๐งต Vacuum energy density and relativistic effects
Anonymous at Sun, 20 Oct 2024 13:57:48 UTC No. 16441192
One of the common proposals for resolving the discrepancy between the standard model prediction of vacuum energy and the observed value is yet-unaccounted for destructive interference of virtual particles that causes the vacuum energy to reach a small but non-zero value. A common objection to this is why the value is none-zero.
Is it possible that the value actually is zero, but due to relativistic effects, the destructive interference is not complete? Imagine for a moment that a stationary observer is watching a standing wave on a string. This can be imagined as a wave travelling down the length of the string, reflecting back, and causing constructive and destructive interference with the wave travelling down.

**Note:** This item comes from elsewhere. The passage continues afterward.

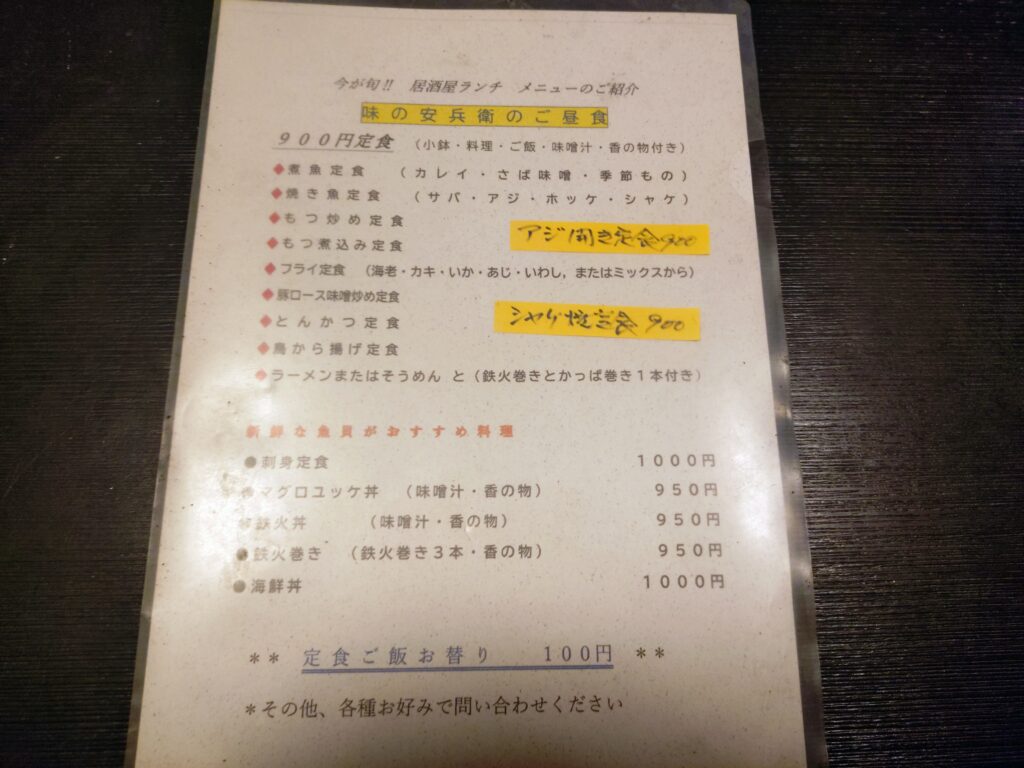 ■千葉市中央区・鶴沢町にある「居酒屋 安兵衛」のランチ

An observer moving at close to c travelling past the stationary observer would see the events in a different order due to the non-simultanity of events and length contraction etc. So they may well observe a different standing wave pattern.
Is it possible that this same phenomenon is responsible for our observations of there being a none-zero vacuum energy constant? The local vacuum energy actually is zero or very close to it, and at cosmic scales, due to the increased velocity of distant objects, they appear to us to have a none zero vacuum energy which actually further increases their acceleration, thus also explaining why distant objects appear to accelerate proportional to their distance?
Interested in your thoughts, thank you gentlemen
Anonymous at Mon, 21 Oct 2024 03:00:22 UTC No. 16442086
>>16441192
How is the observed value measured?
What informed the original prediction?